Estimates of Tax Credits Under the ACA and the American Health Care Act Over Time

We estimated the average tax credits that current ACA marketplace enrollees are receiving under the ACA and what they would qualify for if the American Health Care Act were in place.

 

 

The average estimated tax credit received by ACA marketplace enrollees in 2017 is $3,617 on an annual basis, and that this amount will rise to $4,615 by 2020 based on projected growth rates from the Congressional Budget Office. This includes the 81% who receive premium subsidies as well as the 19% who do not.

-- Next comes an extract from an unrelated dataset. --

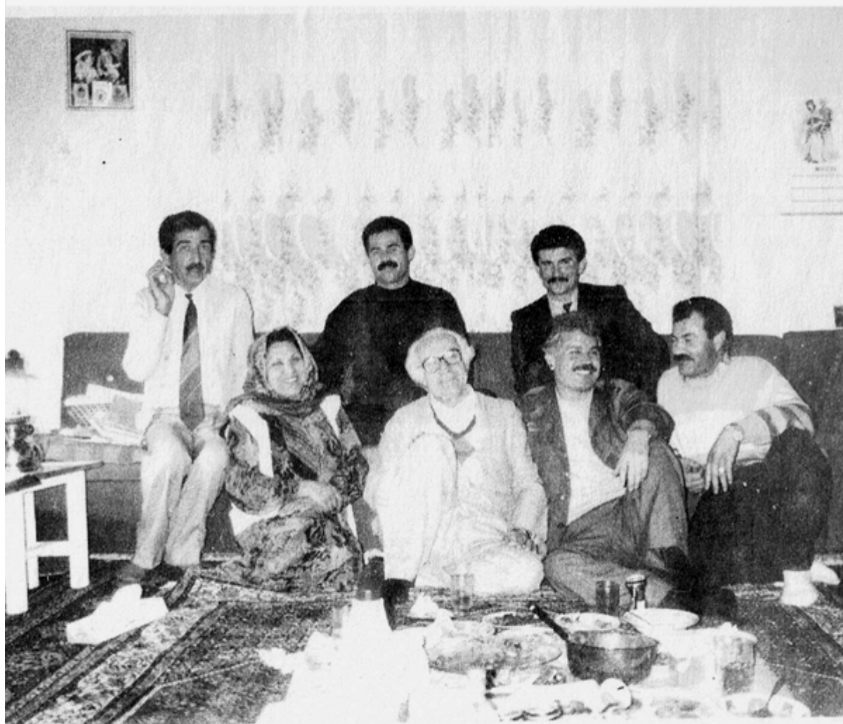
له هه ولیر له مالی کاک مومتاز چه یدهری

We estimate – based on the age distribution of marketplace enrollees – that current enrollees would receive an average tax credit under the American Health Care Act of $2,957 in 2020, or 36% less than under the ACA (see Table 3 and Figure 3). While many people would receive lower tax credits under the Affordable Health Care Act, some would receive more assistance, notably the 19% of current marketplace enrollees who do not qualify for ACA subsidies.

 

 

While ACA tax credits grow as premiums increase over time, the tax credits in the American Health Care Act are indexed to inflation plus 1 percentage point. Based on CBO’s projections of ACA tax credit increases and inflation, the disparity between the average credits under the ACA and the two replacement plans would widen over time. The average tax credit current marketplace enrollees would receive under the American Health Care Act would be 41% lower than under the ACA in 2022 and 44% lower in 2027.

Discussion

Like the ACA itself, the American Health Care Act includes refundable tax credits to help make premiums more affordable for people buying their own insurance. This might seem like an area where a replacement plan could preserve a key element of the ACA. However, the tax credits are, in fact, structured quite differently, with important implications for affordability and which groups may be winners or losers if the ACA is repealed and replaced.

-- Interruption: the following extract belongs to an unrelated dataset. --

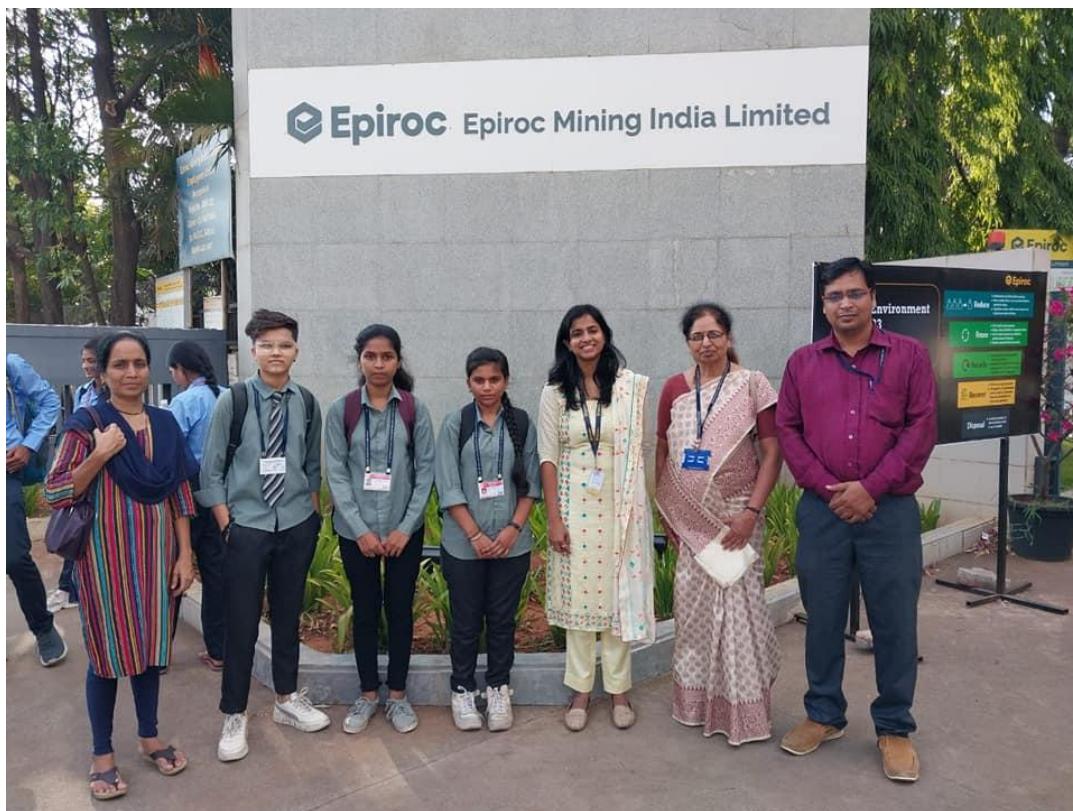
Scholarship of Rs. 25000/- offered by Epiroc Mining Co. India Ltd. Nashik

For current marketplace enrollees, the American Health Care Act would provide substantially lower tax credits overall than the ACA on average. People who are lower income, older, or live in high premium areas would be particularly disadvantaged under the American Health Care Act. People with incomes over 400% of the poverty level – including those buying individual market insurance outside of the marketplaces – do not get any financial assistance under the ACA but many would receive tax credits under the replacement proposal.

The underlying details of health reform proposals, such as the size and structure of health insurance tax credits, matter crucially in determining who benefits and who is disadvantaged.